▸ **Assignment**
With pictures excluded, copy word for word the lines in the data below from the line containing "Paraméterek, termékleírás - Dayliner" through the line containing "attractive silver basket.".

▸ **Supplied data**
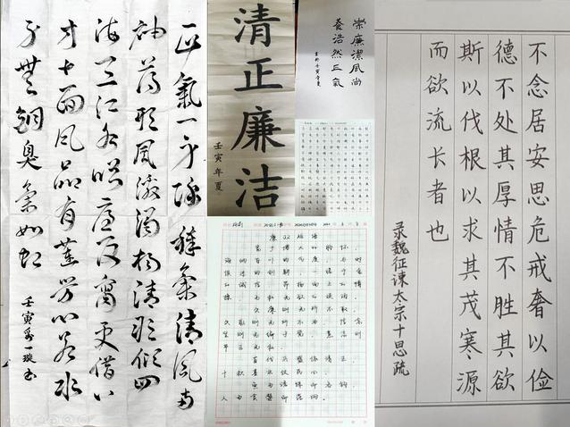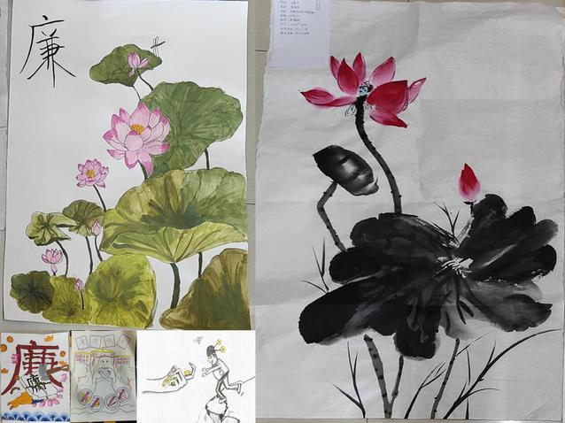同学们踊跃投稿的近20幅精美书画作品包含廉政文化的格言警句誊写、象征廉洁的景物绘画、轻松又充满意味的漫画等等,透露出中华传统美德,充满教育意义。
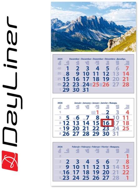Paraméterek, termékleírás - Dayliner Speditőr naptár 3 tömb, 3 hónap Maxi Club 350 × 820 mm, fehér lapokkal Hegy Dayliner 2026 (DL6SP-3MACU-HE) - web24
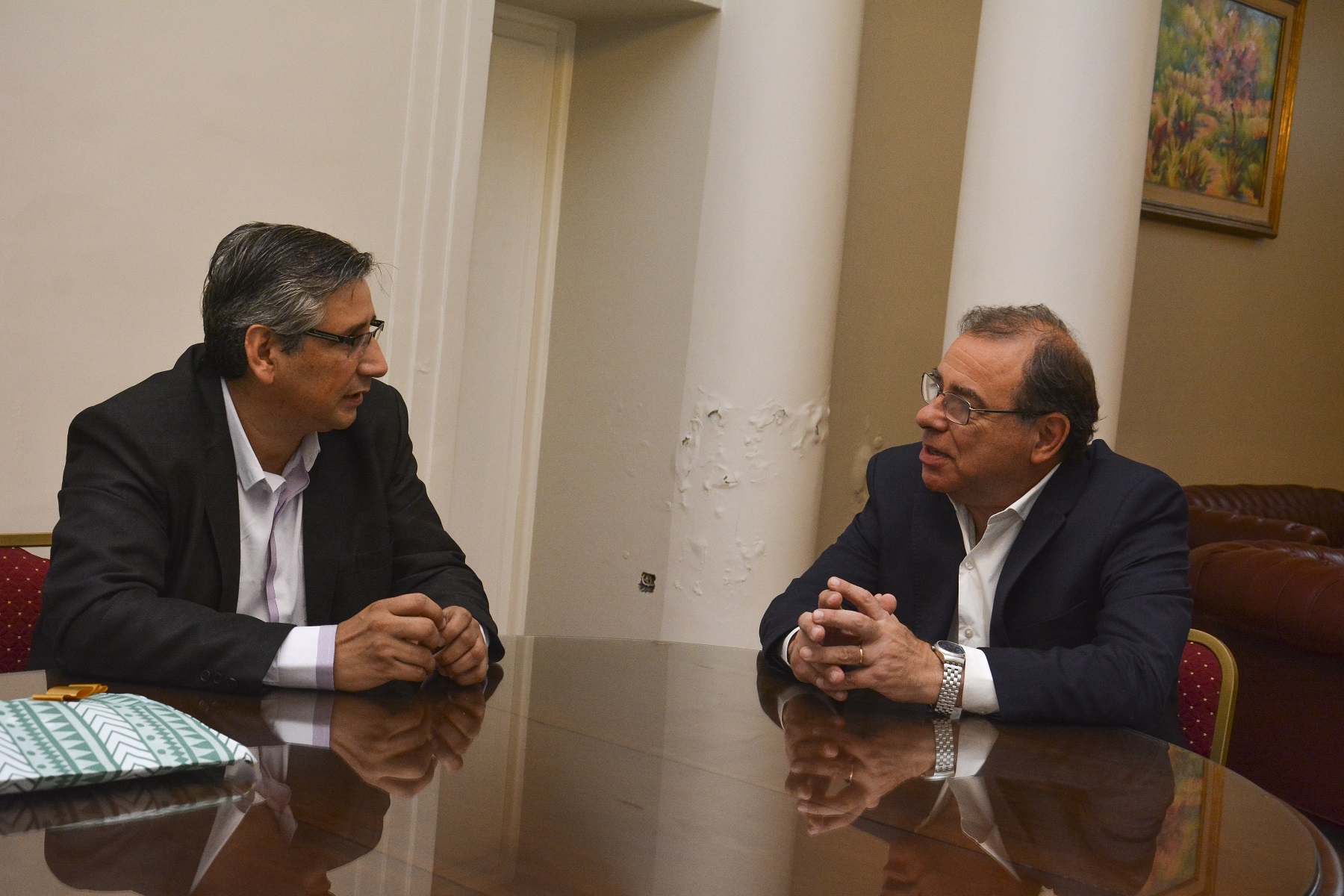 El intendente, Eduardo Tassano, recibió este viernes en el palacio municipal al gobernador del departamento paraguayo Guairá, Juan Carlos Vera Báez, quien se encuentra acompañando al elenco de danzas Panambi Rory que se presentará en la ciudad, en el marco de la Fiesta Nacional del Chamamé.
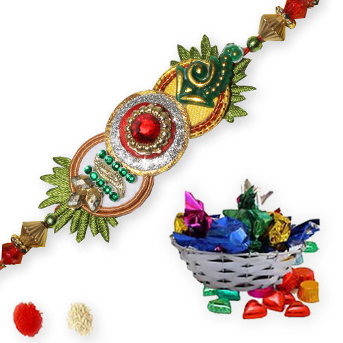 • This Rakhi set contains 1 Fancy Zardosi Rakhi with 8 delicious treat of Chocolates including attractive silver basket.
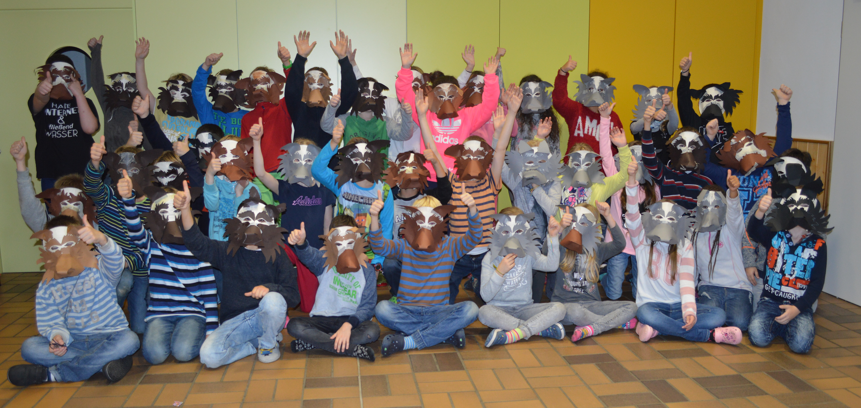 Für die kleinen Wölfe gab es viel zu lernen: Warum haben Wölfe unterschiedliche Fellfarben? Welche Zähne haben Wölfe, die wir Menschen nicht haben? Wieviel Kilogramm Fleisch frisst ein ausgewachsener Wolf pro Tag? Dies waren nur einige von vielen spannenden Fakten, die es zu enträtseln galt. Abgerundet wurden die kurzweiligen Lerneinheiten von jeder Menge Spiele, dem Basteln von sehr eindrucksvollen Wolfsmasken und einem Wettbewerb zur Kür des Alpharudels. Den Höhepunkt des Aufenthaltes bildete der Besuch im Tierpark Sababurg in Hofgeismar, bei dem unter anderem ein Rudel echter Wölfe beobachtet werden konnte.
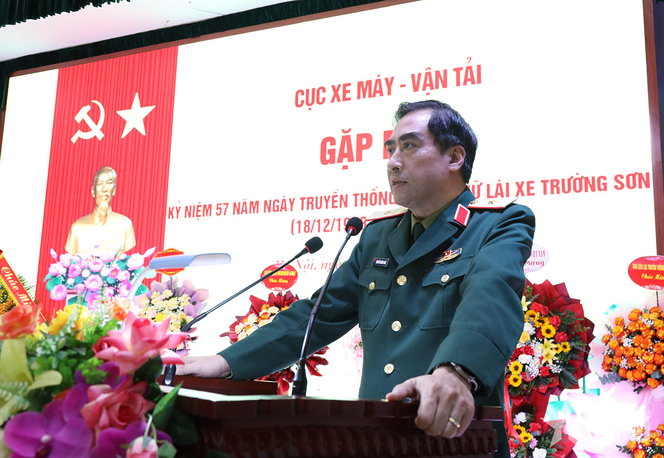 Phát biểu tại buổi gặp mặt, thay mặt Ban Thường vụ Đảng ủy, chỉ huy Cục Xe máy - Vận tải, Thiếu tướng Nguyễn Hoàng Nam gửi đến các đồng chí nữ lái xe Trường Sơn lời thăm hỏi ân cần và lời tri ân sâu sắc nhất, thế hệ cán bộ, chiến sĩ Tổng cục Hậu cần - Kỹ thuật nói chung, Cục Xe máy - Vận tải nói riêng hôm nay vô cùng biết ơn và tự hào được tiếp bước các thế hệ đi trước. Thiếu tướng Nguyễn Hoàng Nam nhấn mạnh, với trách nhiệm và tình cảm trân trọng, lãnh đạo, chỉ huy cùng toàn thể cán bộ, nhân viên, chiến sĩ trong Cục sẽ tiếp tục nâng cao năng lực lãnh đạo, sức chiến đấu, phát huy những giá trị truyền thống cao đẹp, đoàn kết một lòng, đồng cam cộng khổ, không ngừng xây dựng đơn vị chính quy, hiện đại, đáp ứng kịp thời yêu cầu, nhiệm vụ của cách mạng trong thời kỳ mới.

▸ **Exercise response**
Paraméterek, termékleírás - Dayliner Speditőr naptár 3 tömb, 3 hónap Maxi Club 350 × 820 mm, fehér lapokkal Hegy Dayliner 2026 (DL6SP-3MACU-HE) - web24
 El intendente, Eduardo Tassano, recibió este viernes en el palacio municipal al gobernador del departamento paraguayo Guairá, Juan Carlos Vera Báez, quien se encuentra acompañando al elenco de danzas Panambi Rory que se presentará en la ciudad, en el marco de la Fiesta Nacional del Chamamé.
 • This Rakhi set contains 1 Fancy Zardosi Rakhi with 8 delicious treat of Chocolates including attractive silver basket.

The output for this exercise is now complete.